Пока у мальчугана был только один неприятель, против которого он был бессилен, — дневной сон. Хотя ребенок стал средоточием всех радостей в жизни Мары, такие драгоценные минуты умиротворения оставались редкими: когда Айяки бодрствовал, три няньки не могли удержать его на месте.

Поправив сыну рубашонку, Мара в задумчивости опустилась рядом с ним на подушки. Покуда Айяки станет взрослым, должны взойти многие семена, посеянные за последнее время. Когда настанет день его совершеннолетия, старые враги ее отца — Анасати — расторгнут союз, заключенный ради мальчика. Если Мара и угодила им, дав жизнь первому внуку Текумы Анасати, расположение новых родственников не обещало быть вечным; Мара ожидала, что ей предъявят счет за безвременную гибель Бантокапи. Поэтому нужно было крепить могущество Акомы, дабы переход правления от Мары к ее неоперившемуся сыну не обернулся трагедией. И первым делом требовалось убрать с дороги род Минванаби, чтобы не вести войну на два фронта, когда какой-нибудь другой грозный противник бросит вызов юному властителю.
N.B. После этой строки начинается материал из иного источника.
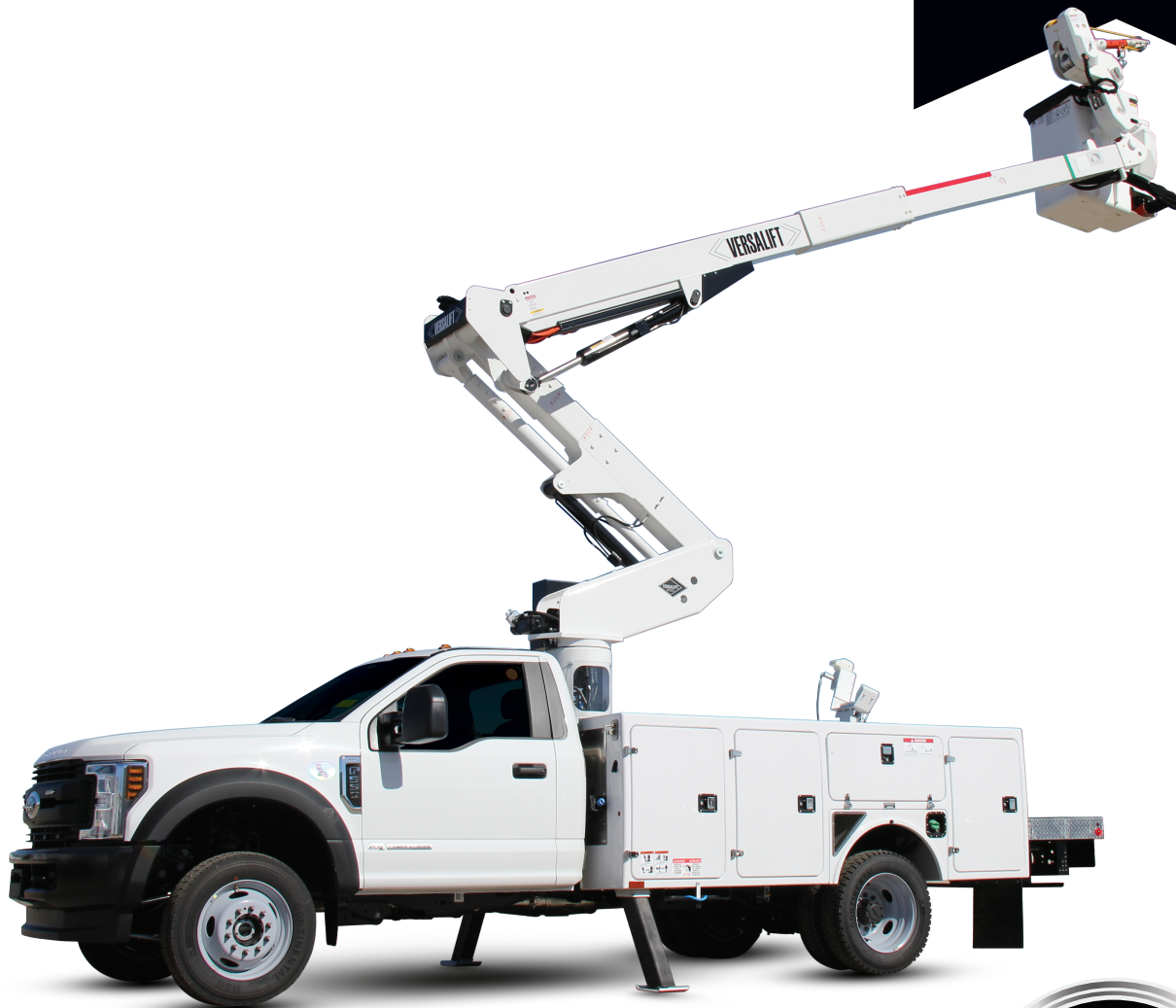
VST-40-I shown with Material Handling option.

Мара просчитывала будущее на много лет вперед. Тем временем солнце стало клониться к закату, и надсмотрщик, видимо, решил, что пора продолжить обработку живой изгороди. В аллее нередко находились невольники, приставленные к садовым работам, поэтому Мара перестала замечать щелканье ножниц. Однако сегодня эти привычные звуки сопровождались резкими окриками и свистом кожаного хлыста. Вообще говоря, этот хлыст был не более чем положенной по рангу принадлежностью костюма — надсмотрщики редко извлекали его из-за пояса, поскольку цуранские рабы не заслуживали побоев. Зато мидкемийцы приводили надсмотрщика в бешенство. Мало того, что они не проявляли ни тени почтения к облеченным властью, — они еще и не стыдились полученных ударов.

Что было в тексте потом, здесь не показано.